Describe the details of bridge design?

A

Select abutment teeth- judge longevity of adjacent teeth

Select retainer- RBB or conventional prep?

Select Pontic and connector- lots of different types

Plan the occlusion

Prescribe the material

48
Q

What aspects of the Pontic function and design are desirable?

A

Restore appearance of missing tooth
- smooth, polished and glazed.

Stabilise the occlusion

Improve masticatory function

Cleansable- smooth, polished, embrasure space smooth and cleanable

Strength- longer the span, the greater the thickness required to withstand occlusal forces

49
Q

Describe the different Pontic designs for ridge surface?

A
  1. Wash through
    - makes no contact with soft tissues, consider in lower molar area
  2. Dome shaped
    - Useful in lower incisor. premolar or upper molar areas. Acceptance if occlusal 2/3 of buccal surface visible- poor aesthetics if gingival 1/3 of tooth is visible
  3. Modified ridge lap
    - Buccal surface looks like a tooth but the lingual surface is cut away.
    - Issues with food packing on lingual surface of the ridge
  4. Ridge lap/sadle
    - Greatest contact with soft tissue, less food packing than modified ridge lap
  5. Ovate pontic
    - Moulds the gingivae to make it look like the tooth is coming out of the gum. Patient must have excellent OH
50
Q

What materials are available for conventional bridges?

A

All metal- gold, nickel/CoCr, stainless steel
Metal ceramic
All ceramic- zirconia, lithium disilicate
Ceromeric (not commonly used anymore)

51
Q

What cement are you going to use for each bridge design?

A

All metal conventional- aquacem or relyX
Metal ceramic- aquacem or RelyX
Adhesive/resin bonded- Panavia 21
All ceramic- NEXUS kit

52
Q

Why is a distal cantilever not advisable?

A

The occlusal forces will be directed on the Pontic, producing leverage forces on abutment tooth causing it to tilt.

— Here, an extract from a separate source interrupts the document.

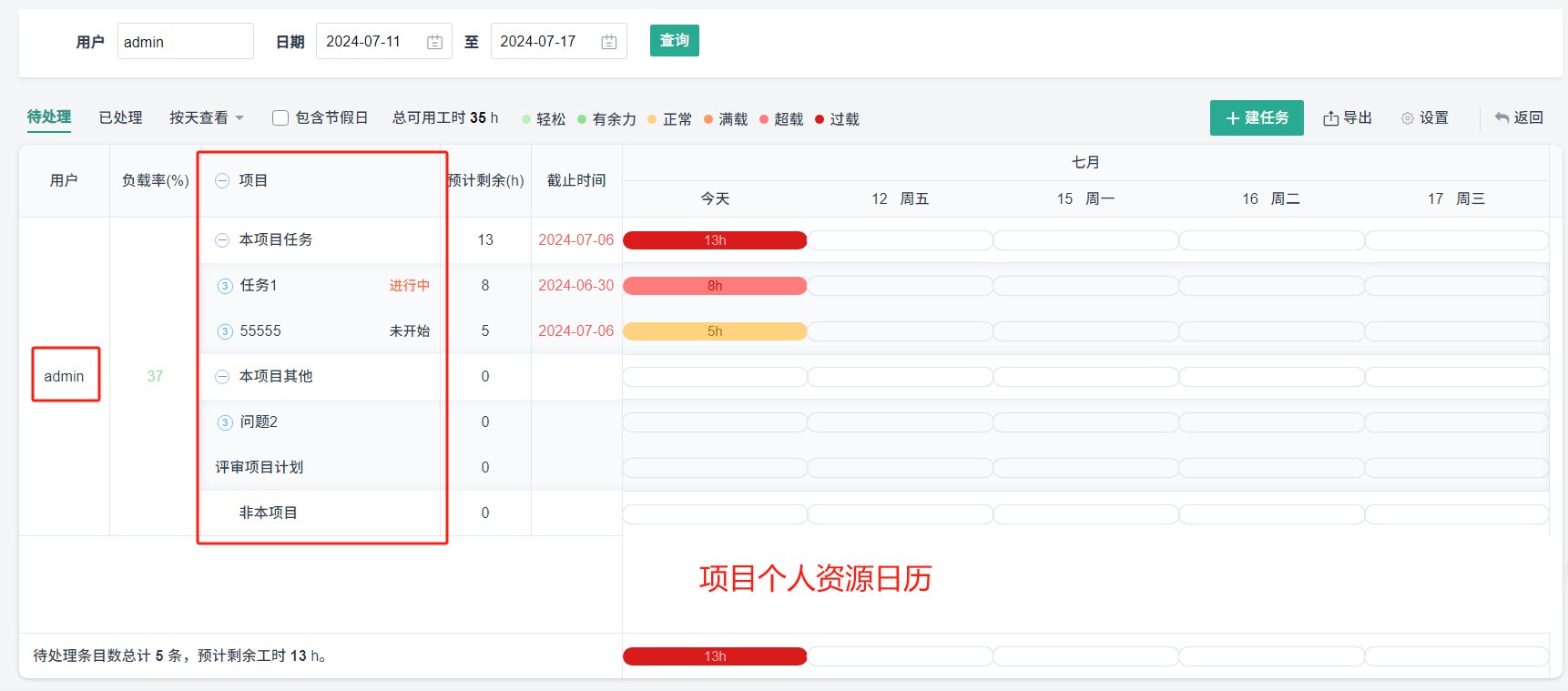 1. 待处理资源日历中的数值

May consider it for a premolar abutment if unopposed or opposed by a denture

53
Q

If a patient asks how long their bride is likely to last, what would you tell them?

A

Adhesive bridge- 80% survival rate at 5 and 10 years.
Conventional fixed-fixed MC- 93% at 5 years, 89% at 10 years
Conventional fixed-fixed caeramic- 88% at 5 years
Conventional cantilever bridge- 91% at 5 years, 80% at 10 years

54
Q

For study casts, in a dentate patient, what stone is used to cast the impressions?

A

100% dental stone

55
Q

What is the purpose of a face bow transfer?

A

To articulate the casts with the same relationship of the maxilla to the condyles.

Can facilitate a more accurate representation of the excursive movement between the casts on the articulator.

56
Q

What technique can be used which utilises a diagnostic wax up, in order to provide a provisional restoration?

A

Impressions- construct study casts.
Diagnostic wax up of the proposed restorations.
Another impression of the wax up and create a vacuum formed splint.
Use this as a guide to make a temporary restoration- using direct composite without bond.

Can also use this technique as an intra-oral diagnostic wax up.

57
Q

What is the purpose of Oxyguard in Panavia?

A

Panavia is an anaerobic setting cement- the oxyguard prevents oxygen from interfering with the cement setting process.

Also contains a polymerisation accelerator- more efficient set.

58
Q

What prep is required for an anterior adhesive cantilever bridge?

A

No prep required if there is 0.7mm of inter occlusal space for the retainer.

May want to do a 0.5mm chamfer line palatally or lingually to increase retention of the retainer.

If you are prepping the tooth, make sure to stay within enamel so that you don’t induce sensitivity.